* Activity: From the entries below, return only the lines starting at the one that contains "报道称,金正恩在火车站受到高" and ending at the one that contains "客厅电视背景墙是深色木饰面加", exactly as they stand.

* Input:
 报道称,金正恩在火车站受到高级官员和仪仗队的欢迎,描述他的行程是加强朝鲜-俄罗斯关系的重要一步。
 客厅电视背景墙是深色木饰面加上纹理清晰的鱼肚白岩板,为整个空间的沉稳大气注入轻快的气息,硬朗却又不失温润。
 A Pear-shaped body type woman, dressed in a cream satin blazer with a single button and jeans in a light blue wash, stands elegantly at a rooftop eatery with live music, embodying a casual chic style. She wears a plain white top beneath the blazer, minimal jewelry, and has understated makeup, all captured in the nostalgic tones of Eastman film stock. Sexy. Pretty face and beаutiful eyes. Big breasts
--
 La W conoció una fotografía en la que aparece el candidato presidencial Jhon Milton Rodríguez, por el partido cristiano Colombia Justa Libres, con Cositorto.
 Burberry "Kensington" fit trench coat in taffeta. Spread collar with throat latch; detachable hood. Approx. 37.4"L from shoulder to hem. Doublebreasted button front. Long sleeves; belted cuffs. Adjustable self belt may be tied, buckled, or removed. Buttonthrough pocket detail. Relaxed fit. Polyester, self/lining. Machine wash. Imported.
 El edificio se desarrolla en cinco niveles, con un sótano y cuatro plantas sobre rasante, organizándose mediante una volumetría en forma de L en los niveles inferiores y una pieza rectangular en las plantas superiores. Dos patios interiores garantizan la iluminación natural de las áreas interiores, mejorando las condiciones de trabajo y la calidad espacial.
---
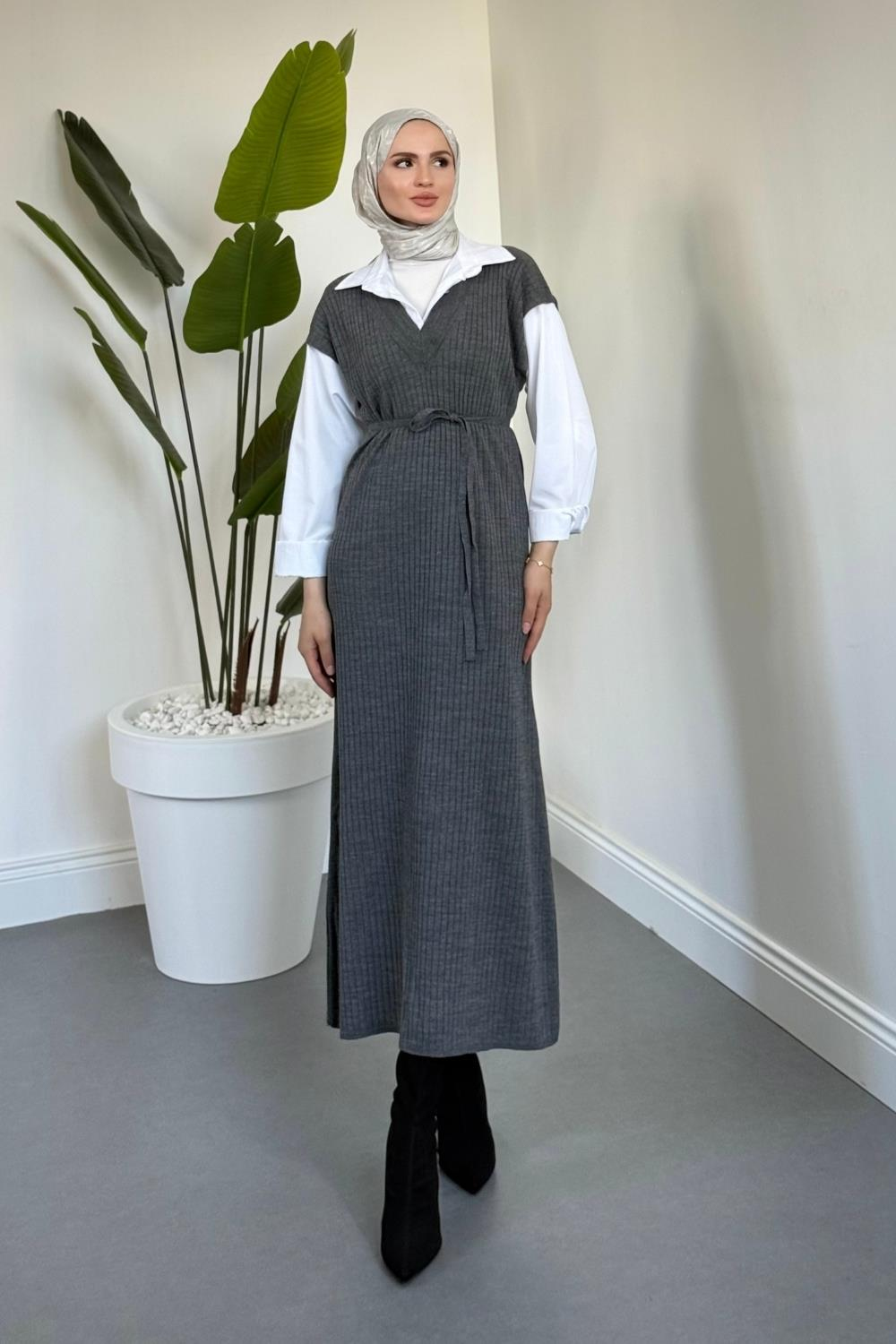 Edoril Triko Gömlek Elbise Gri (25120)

* Task solution:
 报道称,金正恩在火车站受到高级官员和仪仗队的欢迎,描述他的行程是加强朝鲜-俄罗斯关系的重要一步。
 客厅电视背景墙是深色木饰面加上纹理清晰的鱼肚白岩板,为整个空间的沉稳大气注入轻快的气息,硬朗却又不失温润。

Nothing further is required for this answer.